Exercise: An exact restatement is required. Cover only the lines of the records from the first through the line with "und Achselstücken angetan, an", and skip pictures.

Segment Start: Material shown

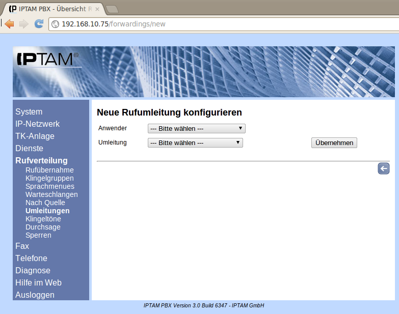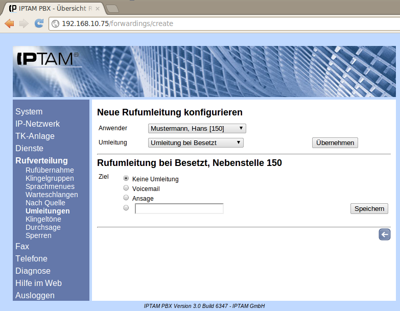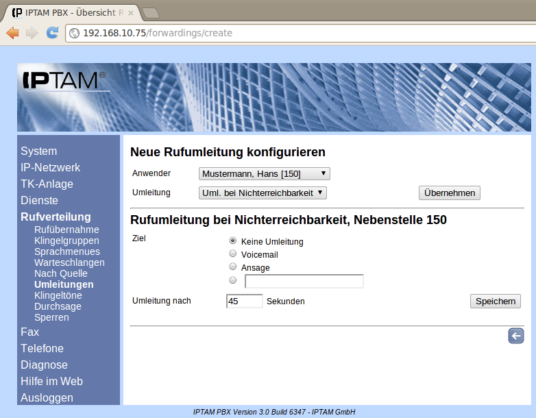 Die IPTAM® PBX verfügt über unterschiedliche Rufumleitungsszenarien. Die Umleitung leitet den Anrufer jeweils zu einer anderen Nebenstelle, einem externen Ziel, dem Anrufbeantworter des Anwenders oder zu einer Ansage. Es werden nur Anrufe umgeleitet, die direkt an einen Anwender gerichtet sind:- Permanente Umleitung
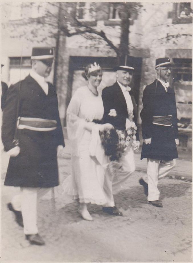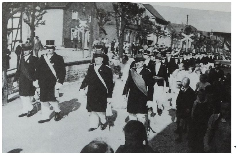 und Achselstücken angetan, an der Pfingstprozession in Warstein teilgenommen
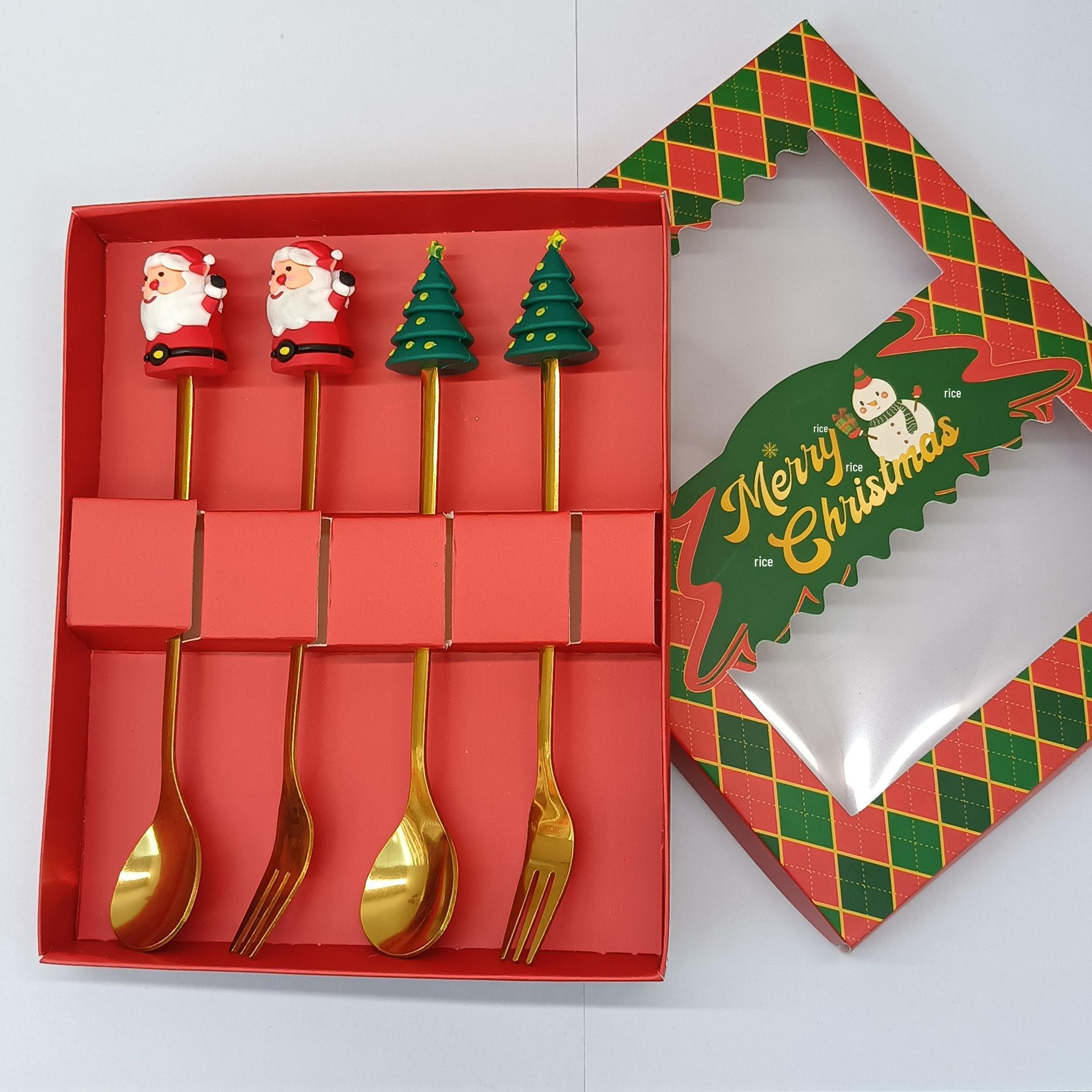 Креативный мультяшный набор ложек и вилок из нержавеющей стали: Палочка для кофе, Фруктовая вилка, Рождественский подарок
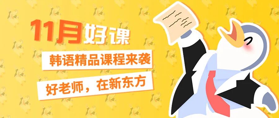 你好,11月~新同学,你好呀~欢迎来新东方和志同道合的朋友们一起学韩语呀~
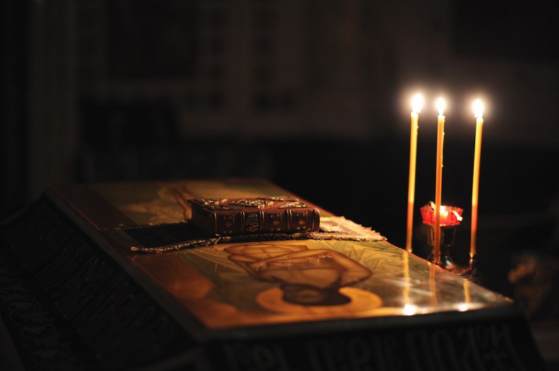 Святое Евангелие лежит на Плащенице в Храме Христа Спасителя на вечерне Великого пятка
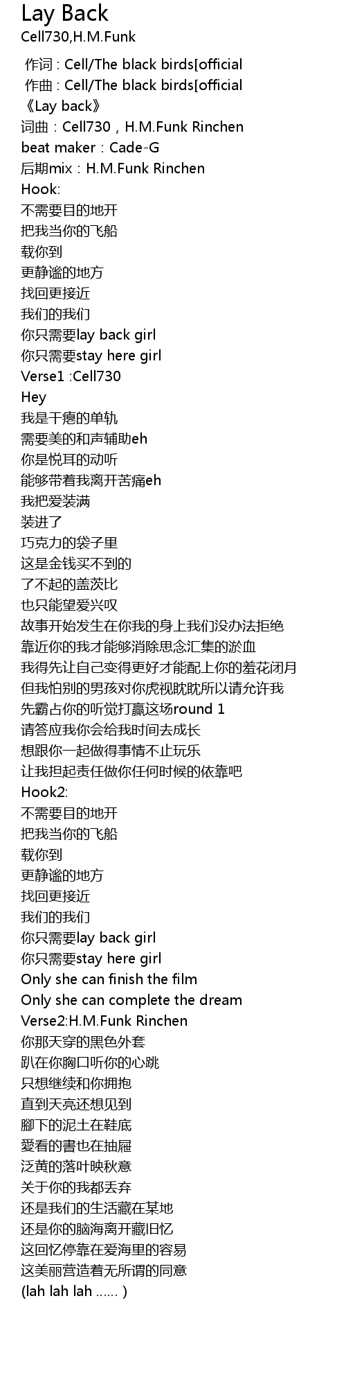 | [00:03.710] | 《Lay back》 |
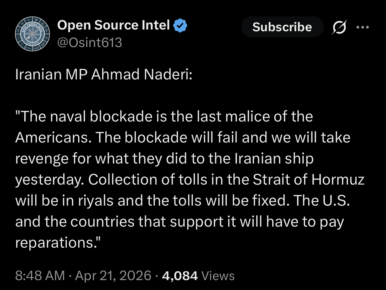 Slightly interesting thing to note is that Iran was previously accepting crypto or yuan. This might indicate either a loss of trust in China, or that the food and water situation is so dire in Iran that they need currency to trade with their near neighbors for those resources.https://x.com/Osint613/status/2046602050985681010
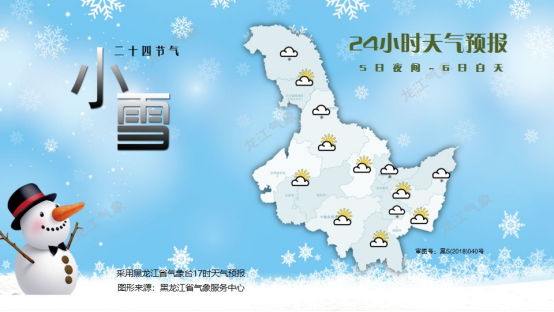 黑龙江省气象台2025年12月5日17时发布5日夜间至8日白天全省天气预报:
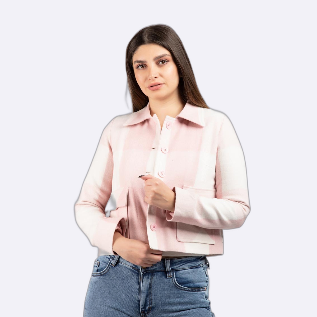جاكيت بقصة قصيرة مستوحاة من نمط القميص، يتميز بياقة كلاسيكية وصف أزرار أمامي وجيوب صدر كبيرة، ومزين بنمط مربعات عريضة.
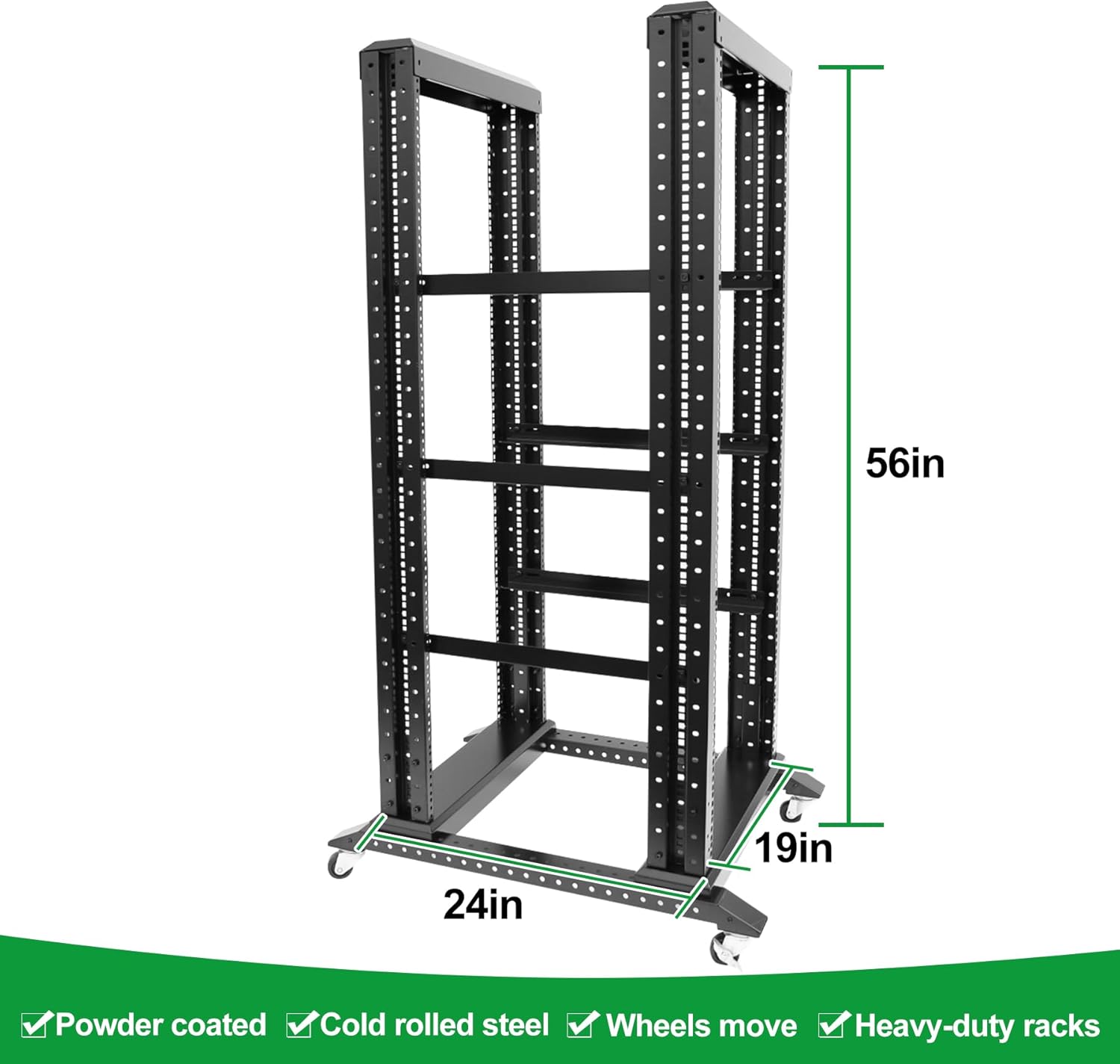 - Specifications:GLOBALRACK 4-post open frame server rack ,Network rack that complies with all 19-inch standard equipment.Installation depth 24-22in,Equipped with brake wheels,Compatible with various servers, switches, data, AV, other IT equipment.
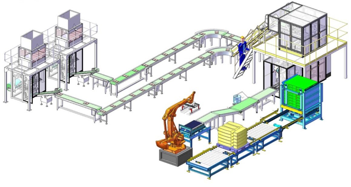 朗士达站全自动化包装码垛设备系统由自动称重、自动供袋、包装封口、输送检测、码垛等单元组成,以实现物料从成品出仓供料、上袋、称重、装袋、封口、输送整形、重量检测、金属检测、检选筛选、喷码打印、自动码垛全过程的自动化操作程序。运行时间长,可靠性强;操作周期时间短,速度快;零件生产质量稳定,包装精度高;适用恶劣生产环境,功能强;柔性化集成和市场,通用性能稳定,是机、电、仪、气、机器人一体化的高科技产品。广泛应用于建材、化工、化肥、粮食、港口、物流等行业。
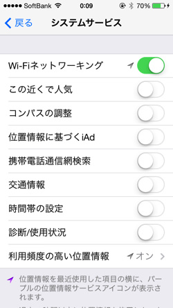 ![]() | 意外に気づきにくい項目ですが、iOSのシステムで利用している機能も不要なものはオフにしておくとバッテリーには優しいです。 |
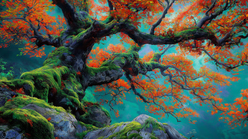 VIVAWALLSImmerse yourself in the breathtaking colors of autumn with this captivating wallpaper, featuring a magnificent ancient tree with a thick, moss-cove...
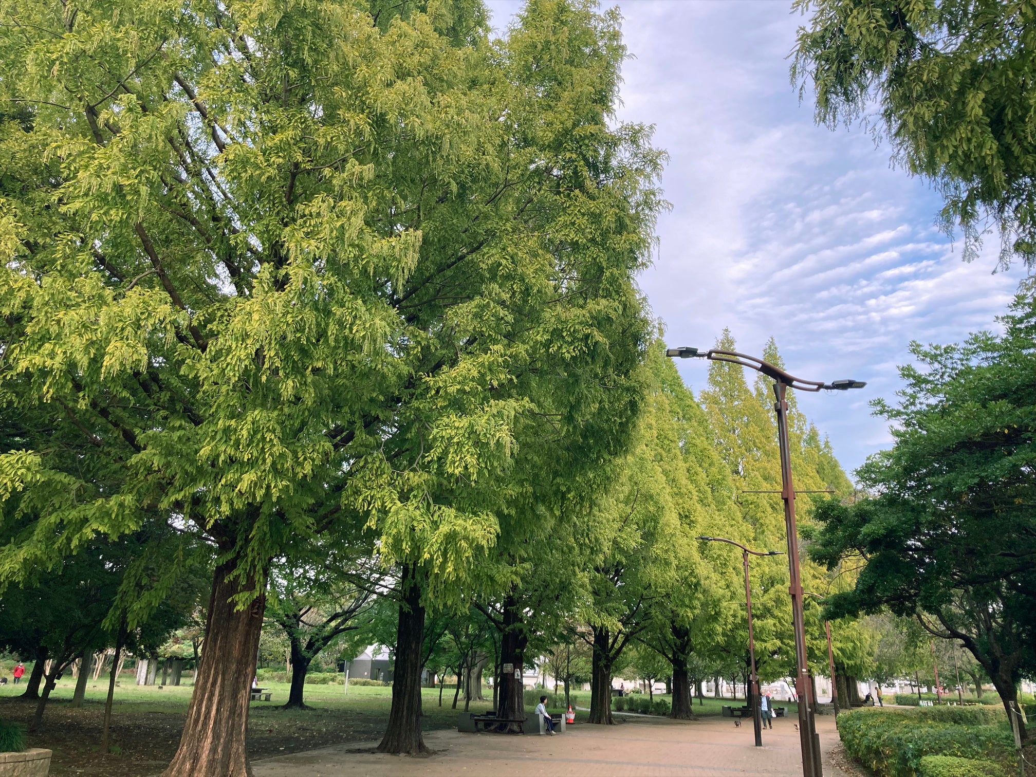 イベントのメイン会場となるのは、紅葉シーズンを迎えた巨木が12本立ち並ぶ「メタセコイア広場」。高さ約30mにもなる巨大な木々は、開園当初から50年以上にわたって地域を見守り続けてきた公園のシンボルです。

Segment End: Material shown

Exercise output:
 Die IPTAM® PBX verfügt über unterschiedliche Rufumleitungsszenarien. Die Umleitung leitet den Anrufer jeweils zu einer anderen Nebenstelle, einem externen Ziel, dem Anrufbeantworter des Anwenders oder zu einer Ansage. Es werden nur Anrufe umgeleitet, die direkt an einen Anwender gerichtet sind:- Permanente Umleitung
 und Achselstücken angetan, an der Pfingstprozession in Warstein teilgenommen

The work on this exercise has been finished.